WORK INSTRUCTIONS
The entries below contain a line with "Този бръснар костюм" and a line with "3 قطع للرجال". Retype exactly everything from the first down to the second, both included, and nothing else.
::: SOURCE RECORDS :::
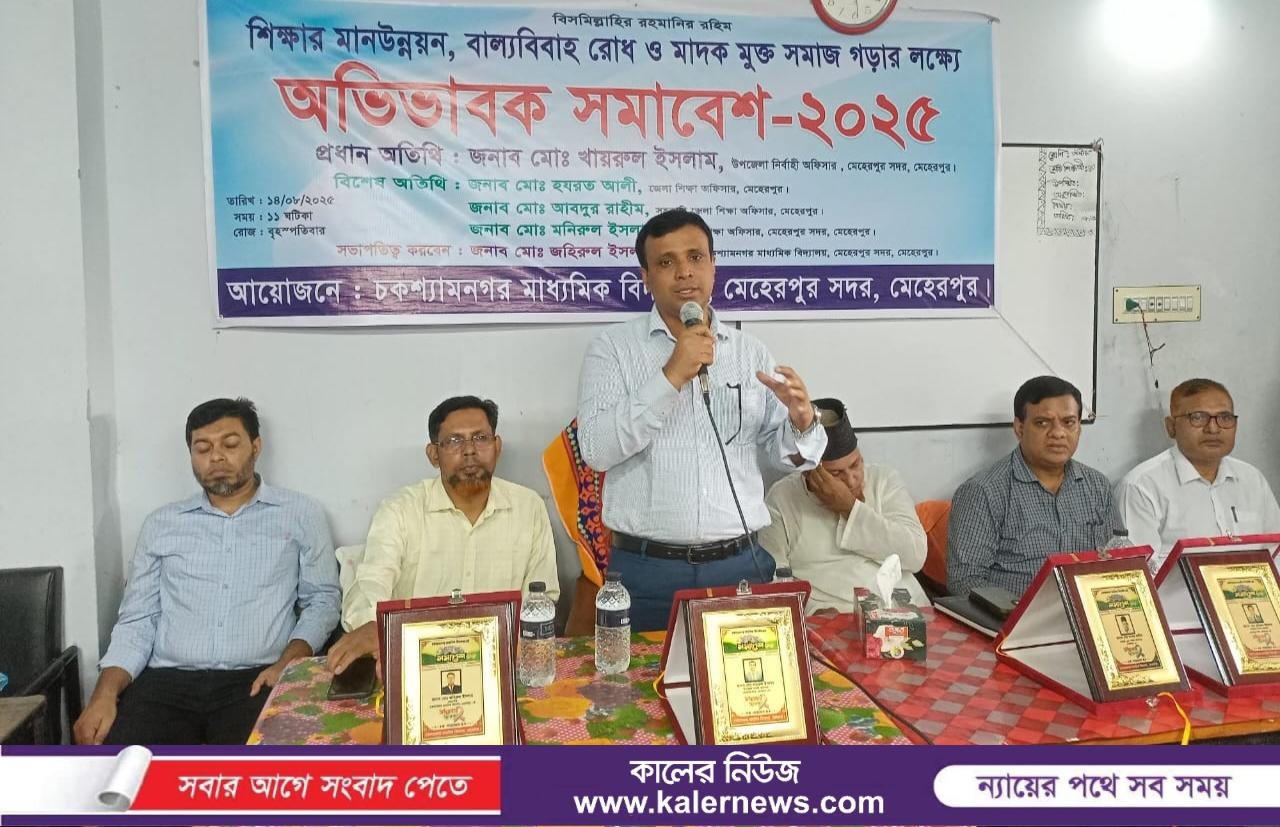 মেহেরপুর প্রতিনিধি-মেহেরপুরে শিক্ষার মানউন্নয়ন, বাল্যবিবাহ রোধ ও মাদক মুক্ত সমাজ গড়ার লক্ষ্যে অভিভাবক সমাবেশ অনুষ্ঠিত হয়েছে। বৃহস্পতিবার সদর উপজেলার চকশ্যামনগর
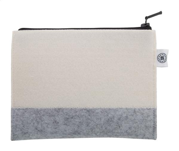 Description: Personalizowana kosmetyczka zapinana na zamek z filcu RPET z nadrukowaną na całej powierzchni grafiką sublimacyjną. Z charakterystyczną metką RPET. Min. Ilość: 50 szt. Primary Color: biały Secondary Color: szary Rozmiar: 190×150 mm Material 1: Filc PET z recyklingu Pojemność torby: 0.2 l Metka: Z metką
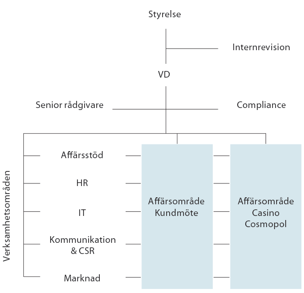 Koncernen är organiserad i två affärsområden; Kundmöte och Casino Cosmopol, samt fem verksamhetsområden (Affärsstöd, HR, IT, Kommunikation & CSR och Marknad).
:::
::: SOURCE RECORDS :::
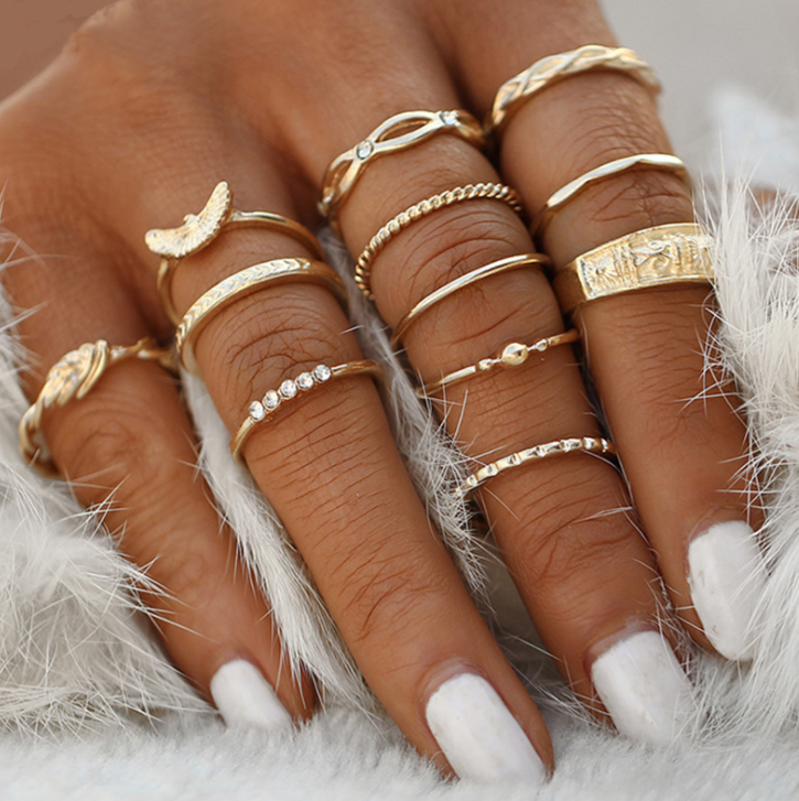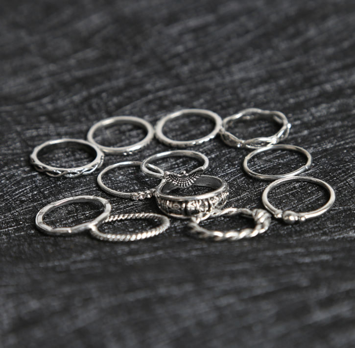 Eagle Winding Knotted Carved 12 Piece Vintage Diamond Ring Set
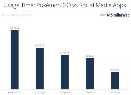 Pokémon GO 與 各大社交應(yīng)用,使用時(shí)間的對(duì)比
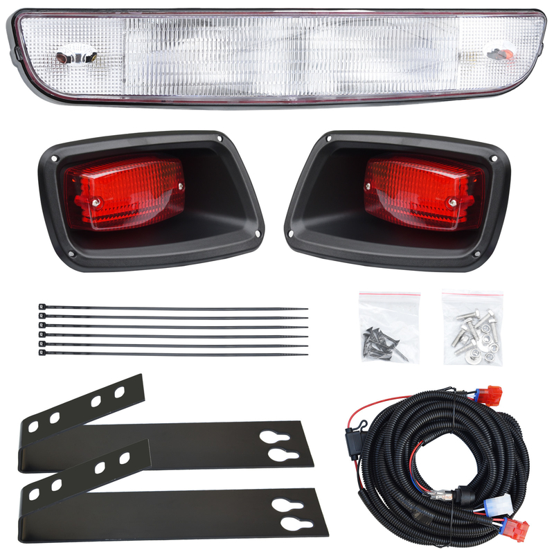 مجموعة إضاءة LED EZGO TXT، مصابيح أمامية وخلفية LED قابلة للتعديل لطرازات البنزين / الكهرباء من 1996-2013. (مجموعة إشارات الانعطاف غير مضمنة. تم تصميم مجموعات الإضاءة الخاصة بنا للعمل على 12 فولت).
:::
::: SOURCE RECORDS :::
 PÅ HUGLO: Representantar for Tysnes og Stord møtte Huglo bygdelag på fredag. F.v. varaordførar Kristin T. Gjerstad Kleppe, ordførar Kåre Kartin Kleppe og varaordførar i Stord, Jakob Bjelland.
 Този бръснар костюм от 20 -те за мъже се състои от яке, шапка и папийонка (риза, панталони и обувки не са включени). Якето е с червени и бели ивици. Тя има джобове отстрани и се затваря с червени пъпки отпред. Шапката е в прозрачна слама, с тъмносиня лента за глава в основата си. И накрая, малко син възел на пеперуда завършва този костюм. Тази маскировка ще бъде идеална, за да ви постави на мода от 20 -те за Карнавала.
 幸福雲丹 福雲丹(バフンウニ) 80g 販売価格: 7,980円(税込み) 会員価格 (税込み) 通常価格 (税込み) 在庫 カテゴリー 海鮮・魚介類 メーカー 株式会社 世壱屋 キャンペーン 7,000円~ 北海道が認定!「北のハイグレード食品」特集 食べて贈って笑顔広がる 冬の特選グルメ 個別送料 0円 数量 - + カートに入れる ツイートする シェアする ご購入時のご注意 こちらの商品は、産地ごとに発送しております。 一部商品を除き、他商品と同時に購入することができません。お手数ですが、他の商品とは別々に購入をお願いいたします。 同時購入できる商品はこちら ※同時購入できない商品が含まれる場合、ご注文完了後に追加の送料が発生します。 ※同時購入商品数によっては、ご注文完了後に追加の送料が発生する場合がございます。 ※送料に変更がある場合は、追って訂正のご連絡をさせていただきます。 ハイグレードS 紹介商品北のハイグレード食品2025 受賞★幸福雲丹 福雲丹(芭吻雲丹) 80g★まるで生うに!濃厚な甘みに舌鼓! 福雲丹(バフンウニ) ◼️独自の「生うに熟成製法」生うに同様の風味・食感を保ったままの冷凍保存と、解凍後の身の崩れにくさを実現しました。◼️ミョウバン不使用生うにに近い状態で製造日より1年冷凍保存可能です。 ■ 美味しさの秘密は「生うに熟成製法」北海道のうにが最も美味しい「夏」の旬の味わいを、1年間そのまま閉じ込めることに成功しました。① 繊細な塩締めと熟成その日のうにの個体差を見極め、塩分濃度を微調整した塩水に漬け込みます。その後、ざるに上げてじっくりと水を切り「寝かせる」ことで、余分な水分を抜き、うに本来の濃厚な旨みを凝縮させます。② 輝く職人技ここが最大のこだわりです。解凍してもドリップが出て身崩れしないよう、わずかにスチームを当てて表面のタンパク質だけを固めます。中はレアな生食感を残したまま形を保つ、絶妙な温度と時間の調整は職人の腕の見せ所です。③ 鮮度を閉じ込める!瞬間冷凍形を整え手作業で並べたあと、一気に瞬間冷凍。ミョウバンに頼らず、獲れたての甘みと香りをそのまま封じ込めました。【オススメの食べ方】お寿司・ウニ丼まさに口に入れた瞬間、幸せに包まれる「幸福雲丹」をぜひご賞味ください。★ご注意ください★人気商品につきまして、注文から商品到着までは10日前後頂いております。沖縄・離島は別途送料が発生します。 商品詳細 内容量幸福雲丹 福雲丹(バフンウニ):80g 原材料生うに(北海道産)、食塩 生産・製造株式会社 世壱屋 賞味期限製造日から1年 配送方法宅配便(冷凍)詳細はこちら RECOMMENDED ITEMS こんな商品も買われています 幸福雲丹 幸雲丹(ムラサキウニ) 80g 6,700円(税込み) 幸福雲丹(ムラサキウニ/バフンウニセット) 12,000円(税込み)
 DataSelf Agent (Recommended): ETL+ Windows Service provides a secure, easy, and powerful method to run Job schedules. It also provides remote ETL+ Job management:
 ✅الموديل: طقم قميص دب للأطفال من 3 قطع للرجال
:::
OUTPUT OF THE TASK
 Този бръснар костюм от 20 -те за мъже се състои от яке, шапка и папийонка (риза, панталони и обувки не са включени). Якето е с червени и бели ивици. Тя има джобове отстрани и се затваря с червени пъпки отпред. Шапката е в прозрачна слама, с тъмносиня лента за глава в основата си. И накрая, малко син възел на пеперуда завършва този костюм. Тази маскировка ще бъде идеална, за да ви постави на мода от 20 -те за Карнавала.
 幸福雲丹 福雲丹(バフンウニ) 80g 販売価格: 7,980円(税込み) 会員価格 (税込み) 通常価格 (税込み) 在庫 カテゴリー 海鮮・魚介類 メーカー 株式会社 世壱屋 キャンペーン 7,000円~ 北海道が認定!「北のハイグレード食品」特集 食べて贈って笑顔広がる 冬の特選グルメ 個別送料 0円 数量 - + カートに入れる ツイートする シェアする ご購入時のご注意 こちらの商品は、産地ごとに発送しております。 一部商品を除き、他商品と同時に購入することができません。お手数ですが、他の商品とは別々に購入をお願いいたします。 同時購入できる商品はこちら ※同時購入できない商品が含まれる場合、ご注文完了後に追加の送料が発生します。 ※同時購入商品数によっては、ご注文完了後に追加の送料が発生する場合がございます。 ※送料に変更がある場合は、追って訂正のご連絡をさせていただきます。 ハイグレードS 紹介商品北のハイグレード食品2025 受賞★幸福雲丹 福雲丹(芭吻雲丹) 80g★まるで生うに!濃厚な甘みに舌鼓! 福雲丹(バフンウニ) ◼️独自の「生うに熟成製法」生うに同様の風味・食感を保ったままの冷凍保存と、解凍後の身の崩れにくさを実現しました。◼️ミョウバン不使用生うにに近い状態で製造日より1年冷凍保存可能です。 ■ 美味しさの秘密は「生うに熟成製法」北海道のうにが最も美味しい「夏」の旬の味わいを、1年間そのまま閉じ込めることに成功しました。① 繊細な塩締めと熟成その日のうにの個体差を見極め、塩分濃度を微調整した塩水に漬け込みます。その後、ざるに上げてじっくりと水を切り「寝かせる」ことで、余分な水分を抜き、うに本来の濃厚な旨みを凝縮させます。② 輝く職人技ここが最大のこだわりです。解凍してもドリップが出て身崩れしないよう、わずかにスチームを当てて表面のタンパク質だけを固めます。中はレアな生食感を残したまま形を保つ、絶妙な温度と時間の調整は職人の腕の見せ所です。③ 鮮度を閉じ込める!瞬間冷凍形を整え手作業で並べたあと、一気に瞬間冷凍。ミョウバンに頼らず、獲れたての甘みと香りをそのまま封じ込めました。【オススメの食べ方】お寿司・ウニ丼まさに口に入れた瞬間、幸せに包まれる「幸福雲丹」をぜひご賞味ください。★ご注意ください★人気商品につきまして、注文から商品到着までは10日前後頂いております。沖縄・離島は別途送料が発生します。 商品詳細 内容量幸福雲丹 福雲丹(バフンウニ):80g 原材料生うに(北海道産)、食塩 生産・製造株式会社 世壱屋 賞味期限製造日から1年 配送方法宅配便(冷凍)詳細はこちら RECOMMENDED ITEMS こんな商品も買われています 幸福雲丹 幸雲丹(ムラサキウニ) 80g 6,700円(税込み) 幸福雲丹(ムラサキウニ/バフンウニセット) 12,000円(税込み)
 DataSelf Agent (Recommended): ETL+ Windows Service provides a secure, easy, and powerful method to run Job schedules. It also provides remote ETL+ Job management:
 ✅الموديل: طقم قميص دب للأطفال من 3 قطع للرجال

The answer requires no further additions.